▶ _WHAT THIS TASK INVOLVES_
Your answer should be an exact copy of the lines from the one holding "Last move : 1-0" to the end of the material below, pictures left out.

▶ _SUPPLIED DATA_
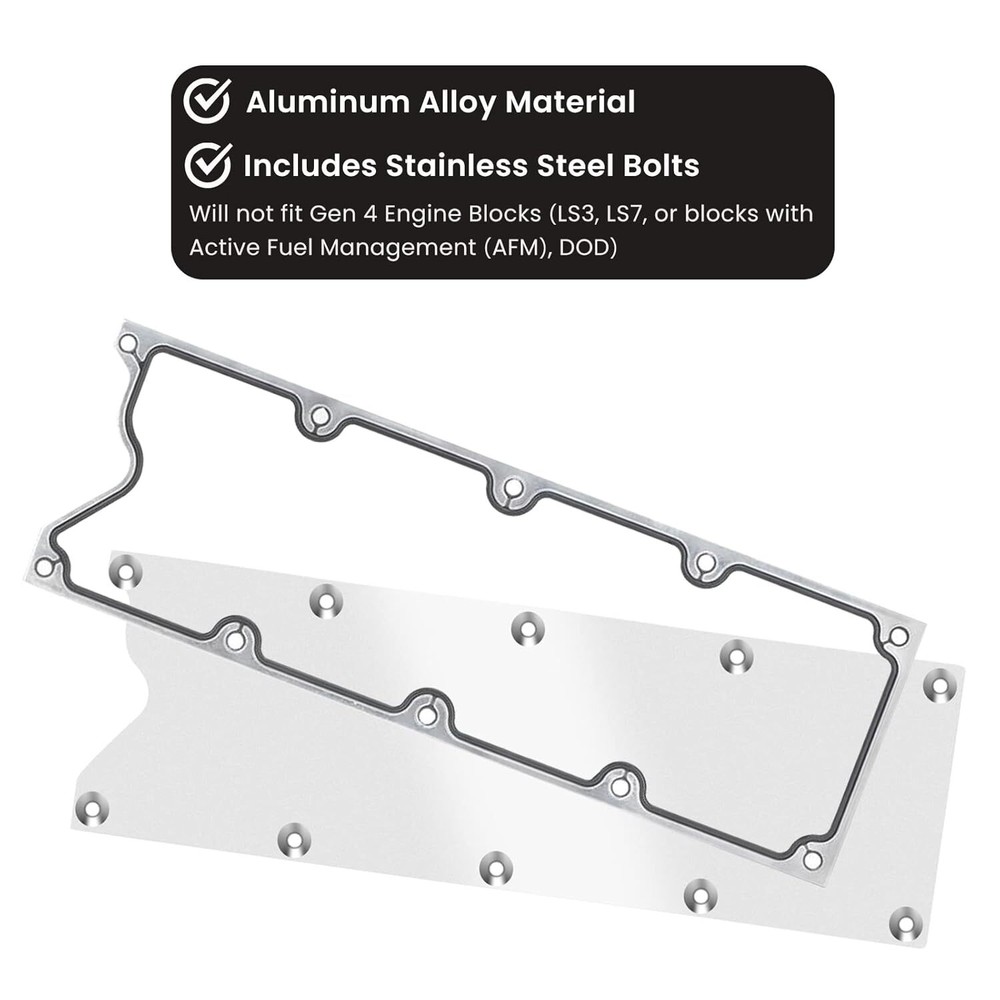 LS Gen 3 Valley Cover Plate Kit w/ Gasket For GM LS-Series 4.8L 5.3L 5.7L 6.0L Features 【FITMENT】 The EZ-EFI Cable Mount Kit is designed to work with automatic transmission TV cables and specifically marked for the unique TV cable setup of GM 700R4 transmissions. 【HIGH QUALITY】 The kit is all powder coated steel with stainless hardware. High quality with oxidation resistance provides a better appearance and long-lasting use. 【ADJUSTABLE GEOMETRY】 The adjustable geometry of the linkage kit is specifically designed to ensure proper wide open throttle actuation. 【FEATURE】 All necessary hardware included for installation and adjustment. The selection of cable mounting brackets is able to cover all major cables and applications. 【SERVICE】 If you have any troubles about the cable mount kit, please feel free to contact us. We will reply within 24 hours. Thanks for your support. Specifications Condition:100% Brand New Warranty: 90 Day Free Return:30 Day Color: Silver Material: Aluminum Fitment For LS1/LS6/LS Gen 3 Valley Pan Cover Plate Fit all Gen 3 Engine Blocks OE Number: 551629, 551629G Please Double-Check that this is compatible with your vehicle. Package Included 1x Valley Pan Cover Plate 1x Gasket Plate 10x Bolts As pictures show FAQ: I purchased by mistake, how do I cancel the order? Please contact us ASAP. If the item has not been shipped out we can cancel the order for you. If the item was shipped out you can refuse the package and wait for the item to return to us. I received your item but it does not fit or is defective Please contact us so we can assist you on the matter. Buy with confidence Our quality is based on meeting the requirements of the manufacturer and improvement them in design problems manufacture. NOTE: (1)It would be highly appreciated if you might contact us first once you have any problems concerning the items. And you can expect all the issues would be resolved ASAP! (2)Please let us know before you send us the neutral/negative feedback that wont help to finish the issues. And I will definitely try my best to provide the best solutions which would meet our satisfactory! (3)According to the distance of the receipt address items would be sent from CA or NJ
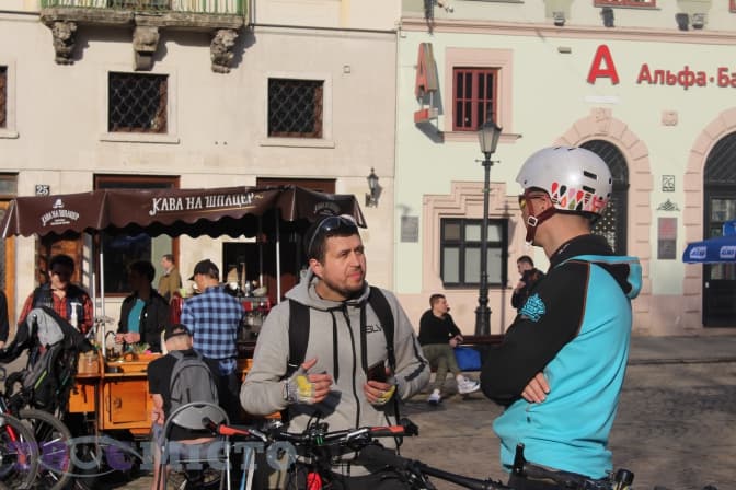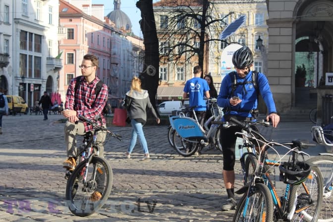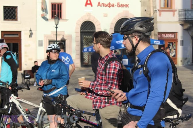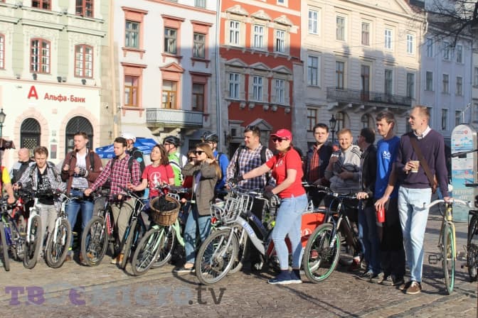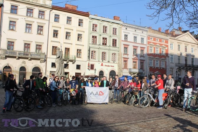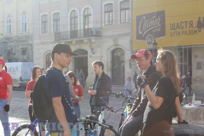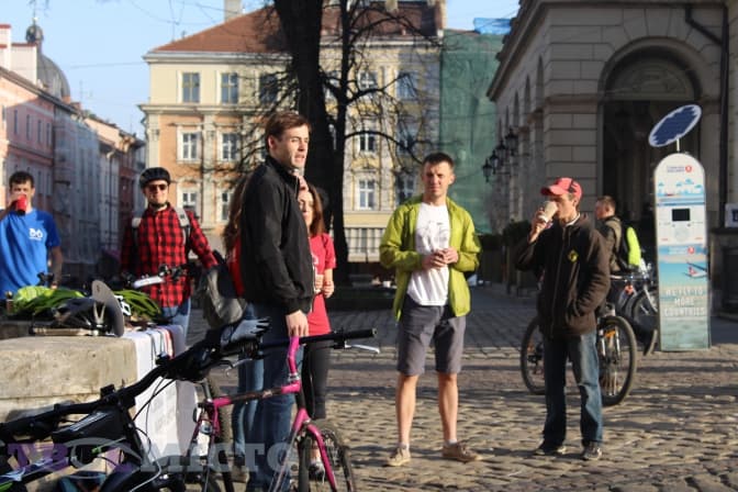 13 квітня у Львові на площі Ринок, біля фонтану Нептуна, відбулася традиційна акція «Велосипедом на роботу». З 8:00 до 9:00 учасники велоакції зібралися на велосніданок.
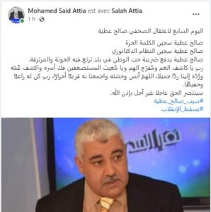 نشر محمد سعيد عطية، إبن الإعلامي المعتقل صالح عطية، تدوينة مؤثرة على حسابه بموقع التواصل الإجتماعي “فيسبوك”، في اليوم السابع، منذ إحتجاز والده.
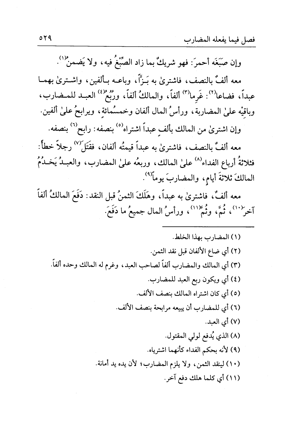 معه ألفٌ بالنّصف فاشترى به عبدًا قيمته ألفان فقتل رجلًا خطأً فثلاثة أرباع الفداء على المالك وربعه على المضارب والعبد يخدم المالك ثلاثة أيّامٍ والمضارب يومًا
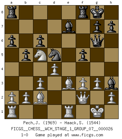 Last move : 1-0 2023 February 25 16:0:0 [Event "FICGS__CHESS__WCH_STAGE_1_GROUP_07__000026"] [Site "FICGS"] [Date "2022.11.02"] [Round "1"] [White "Pech,Jaroslav senior"] [Black "Haack,Stefan"] [Result "1-0"] [WhiteElo "1969"] [BlackElo "1544"] 1.e4 e5 2.Nf3 Nc6 3.Bb5 a6 4.Ba4 b5 5.Bb3 Nf6 6.O-O Be7 7.Re1 O-O 8.c3 d5 9.exd5 Nxd5 10.Nxe5 Nxe5 11.Rxe5 c6 12.d4 Bd6 13.Re1 Qh4 14.g3 Qh3 15.Be3 Bg4 16.Qd3 Bf3 17.Qf1 Qh5 18.Nd2 Bg4 19.f3 Bh3 20.Qf2 Qg6 21.Ne4 Be7 22.Bc2 f5 23.Nc5 1-0 This chess game has been lost on time (started : 2022.11.02 13:52:6) Follow this game move after move (download)When you don't know what to do, wait for your opponent to get an idea - it's sure to be wrong. (Tarrasch) Rauchen ist dem Schachspieler bei seiner Arbeit, also im Wettkampf, untersagt. (Viktor Kortschnoi) Fischer es el jugador mas fuerte del mundo. De hecho, el jugador mas fuerte que jamas haya existido. (Larry Evans) Karpov est une pièce de musée. (Garry Kasparov) Wipe them out. All of them. (Darth Sidious in Star Wars ep.1)
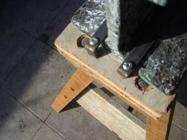 Corté un trozo de tabla de dimensiones modelo mayores la base del yunque. No dado su grosor me satisfizo, apilé dos iguales. Las uní con dos postes, mediante cuatro bulones bien apretados.

▶ _TASK ANSWER_
 Last move : 1-0 2023 February 25 16:0:0 [Event "FICGS__CHESS__WCH_STAGE_1_GROUP_07__000026"] [Site "FICGS"] [Date "2022.11.02"] [Round "1"] [White "Pech,Jaroslav senior"] [Black "Haack,Stefan"] [Result "1-0"] [WhiteElo "1969"] [BlackElo "1544"] 1.e4 e5 2.Nf3 Nc6 3.Bb5 a6 4.Ba4 b5 5.Bb3 Nf6 6.O-O Be7 7.Re1 O-O 8.c3 d5 9.exd5 Nxd5 10.Nxe5 Nxe5 11.Rxe5 c6 12.d4 Bd6 13.Re1 Qh4 14.g3 Qh3 15.Be3 Bg4 16.Qd3 Bf3 17.Qf1 Qh5 18.Nd2 Bg4 19.f3 Bh3 20.Qf2 Qg6 21.Ne4 Be7 22.Bc2 f5 23.Nc5 1-0 This chess game has been lost on time (started : 2022.11.02 13:52:6) Follow this game move after move (download)When you don't know what to do, wait for your opponent to get an idea - it's sure to be wrong. (Tarrasch) Rauchen ist dem Schachspieler bei seiner Arbeit, also im Wettkampf, untersagt. (Viktor Kortschnoi) Fischer es el jugador mas fuerte del mundo. De hecho, el jugador mas fuerte que jamas haya existido. (Larry Evans) Karpov est une pièce de musée. (Garry Kasparov) Wipe them out. All of them. (Darth Sidious in Star Wars ep.1)
 Corté un trozo de tabla de dimensiones modelo mayores la base del yunque. No dado su grosor me satisfizo, apilé dos iguales. Las uní con dos postes, mediante cuatro bulones bien apretados.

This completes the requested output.